This is a huge corporate scam. Why do people think that only little people are rip-off scammers? Also the idea that most people claims are ‘accepted’ is a nonsense. Insurers accept the claim, which means that they pay for a few GP visits and some physio. But they refuse to pay for scans that might find diagnoses. Then they refuse to pay for referrals to specialists who might need to operate. Then they refuse to pay for recommended operations. Then they use tame doctors (IMEs = Independent Medical Examiners) who either say that the condition does not need the treatment or that the problem was there before the accident so the insurer is not liable.

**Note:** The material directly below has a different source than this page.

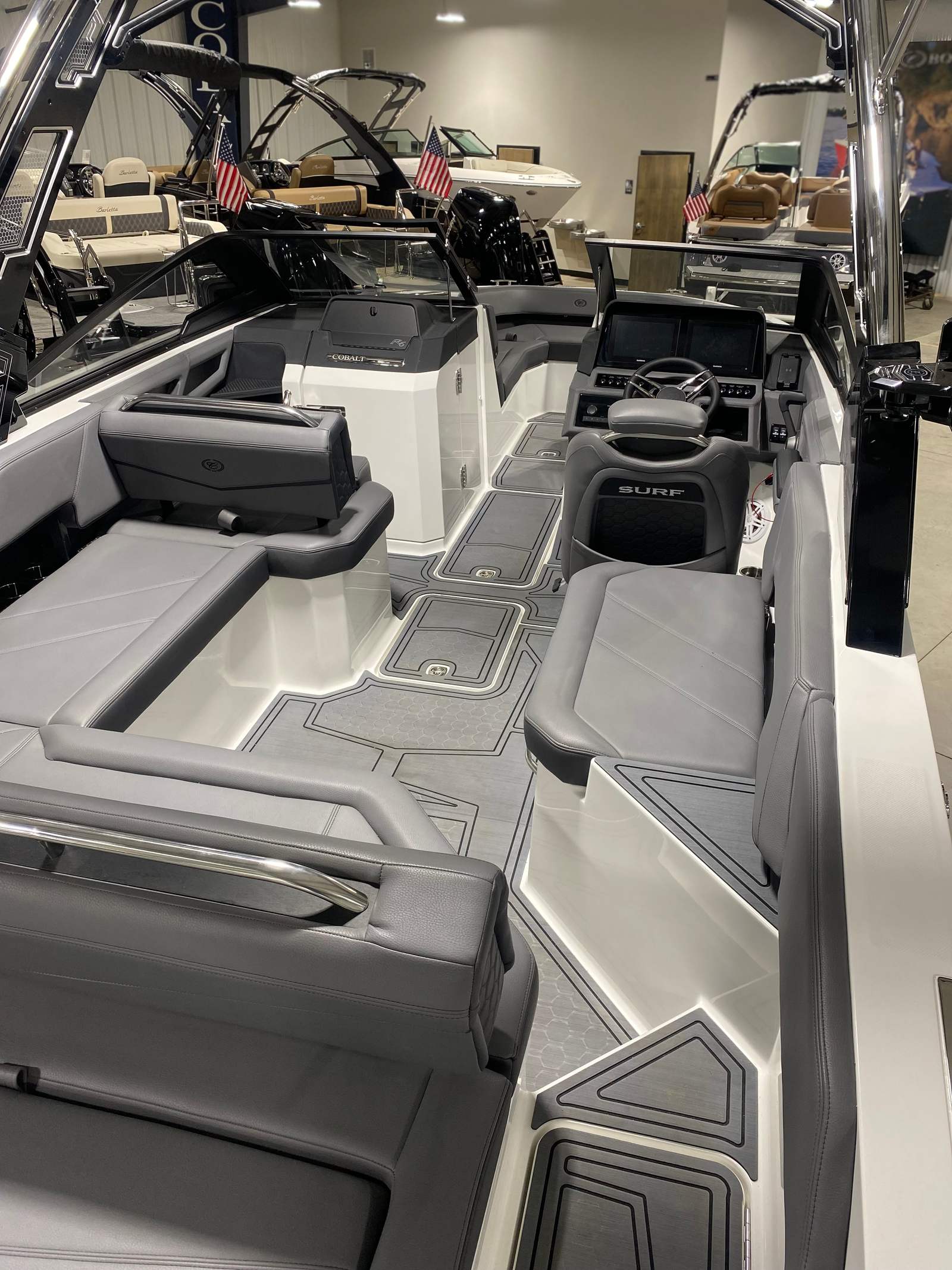 The Cobalt R6 Surf shines in a variety of scenarios. For families, it’s the perfect platform for weekend outings, picnics on the water, and teaching kids to wakeboard or tube. Watersports enthusiasts will appreciate the powerful engine, wakeboard racks, and rearview mirror, making it easy to enjoy surfing, wakeboarding, and more.If you’re looking for a luxury getaway, the R6 Surf’s spacious design and premium features create an inviting environment for relaxation and entertainment. Host sunset cruises with friends, explore hidden coves, or simply unwind on the comfortable seating while taking in the views. The boat’s versatility ensures it adapts to your needs, whether you’re seeking adventure or tranquility.
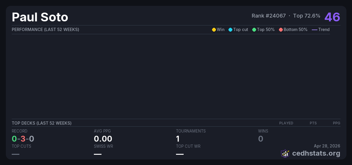 | CMFNM Aug 02, 2025 · 39 players | — | 26/39 | 0-3-0 | 0.00 | 46 |

So the government introduced the PIC (Personal Injury Commission) to arbitrate all the claims that the insurers had refused. Now the waiting time for the PIC is over a year, which suits the insurers fine as the doctors and patients will use Medicare or private heath insurance to get the treatments and the insurers will either pay less or not have to pay at all.

If you thought the banks were bad, you have not dealt with insurers. NRMA refuses a considerably higher percentage of treatments than anyone else in my statistics, and SIRA declines to keep statistics on the ‘industry’ as a whole, and no insurer has ever been prosecuted for refusing a treatment.

This is why we need Medicare- a single, just, efficient, universal health insurance scheme.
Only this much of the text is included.